FIGS. 12A-12B show the effect of H3K9me3 levels in wild-type versus scrbl L1 AON (left bar in each pair of bars, for 12B) and L1-AON (right bar in each pair of bars, for 12B) treatment on the intensity of H3K9me3 heterochromatin foci in LAKI cells (FIG. 12A), and the number of cells with abnormal nuclear structure (FIG. 12B), versus scrambled (scramble) treated control cells and wt. RNA Immunoprecipitation (RIP) was performed, and it was shown that both the 5 'end and the 3' end of L1RNA bind to SUV39H1/2 protein in LAKI TTF (FIG. 12C). FIG. 12D shows a study to determine whether L1RNA has inhibitory effect on SUV39H1/2 accumulated in the nucleus of LAKI cells. H3K 9-specific histone methyltransferase assays were performed using recombinant SUV39H1/2 protein in the presence of L1 sense-directed transcripts. The L1 antisense transcript was used as a negative control.
Figure 13A shows the knockdown of L1RNA in several tissues, including skin, tibial anterior skeletal muscle, liver, kidney, spleen, and stomach, as confirmed by qPCR. FIG. 13B shows the effect of L1-AON treatment (right bar of each pair of bars) on SASP gene expression in different tissues analyzed. FIG. 13C shows the effect of L1-AON (right bar per pair of bars) on histological features of mouse skin, spleen and kidney. FIGS. 13D and 13E show the effect of L1-AON (right bar per pair of bars) treatment on the body weight (FIG. 13D) and lifespan (FIG. 13E) of treated mice.

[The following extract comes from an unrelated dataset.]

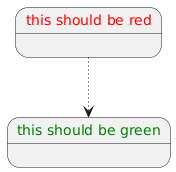 @startuml state "<color:red>this should be red</color>" as s1 state "<color:green>this should be green</color>" as s2 s1 -[dotted]-> s2 @enduml
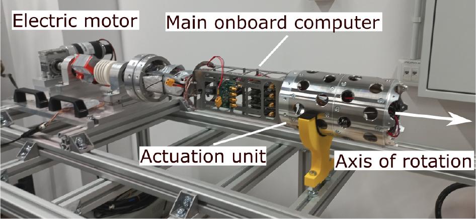 The main computer electronics were powered by the onboard rechargeable lithium polymer battery (12 V) integrated with the control system. The electric motor that drives the stand was connected to a different power source. The remaining elements (main solid propellant rocket motor and nose section) were removed because they are separate units (not neces-sary in the experiments). The developed control algorithm was implemented in the onboard computer.

FIG. 14A is qPCR showing the expression of LINE-1Ta element in human Wt (left column), premature senility syndrome (HGPS, middle column) and WRN-/-cells (right column). N =3. S.e.m and T tests are shown. FIG. 14B shows the results of Sa-B-Gal assay, showing the number of senescent cells in HGPS and WRN-/-cells (right bar per pair of bars) and controls (left bar per pair of bars) treated with L1-AON. The figure shows the quantification of the assay. N =6.S.e.m. is shown in the figure. FIG. 14C is the results from qPCR showing the expression of senescence-associated genes in HGPS cells after L1-AON treatment (right bar in each pair of bars). N =6.S.e.m and T tests are shown. FIG. 14D is a result from qPCR showing the expression of senescence-associated genes in WRN-/-cells after L1-AON treatment (right bar in each pair of bars). N =6.S.e.m and T tests are shown. FIG. 14E is a graph showing the H3K9me3 intensity of HGPS cells and LAKI control cells treated with L1-AON. Single replicates, s.e.m and T-tests are shown. FIG. 14F is a graph showing the H3K9me3 intensity of WRN-/-cells treated with L1-AON and LAKI control cells. Single replicates, s.e.m and T-tests are shown.
Detailed Description
The disclosed compositions and methods are based on the discovery that L1 mobilization is supported by other tissues, and whether L1 amplification contributes to tissue homeostasis is largely unexplored. A typical L1 element is approximately 6,000 base pairs long, consisting of two non-overlapping Open Reading Frames (ORFs), flanked by an untranslated region (UTR) and a target site repeat. L1 has a5 'untranslated region (UTR) followed by open reading frame 1 (ORF 1), an inter-ORF region, open reading frame 2 (ORF 2), and 3' UTR with a poly-a site and an associated poly-a tail. In humans, ORF2 is thought to be translated by an unconventional termination/restart mechanism. The 5' untranslated region (UTR) of the L1 element contains a strong internal RNA polymerase II transcription promoter in the sense. L1 transcription produces a full-length mRNA, which produces two proteins, ORF1p and ORF2p. The first ORF encodes a protein of 500 amino acids to 40kDa, which lacks homology to any known functional protein. The second ORF of L1 encodes a protein having endonuclease and reverse transcriptase activities.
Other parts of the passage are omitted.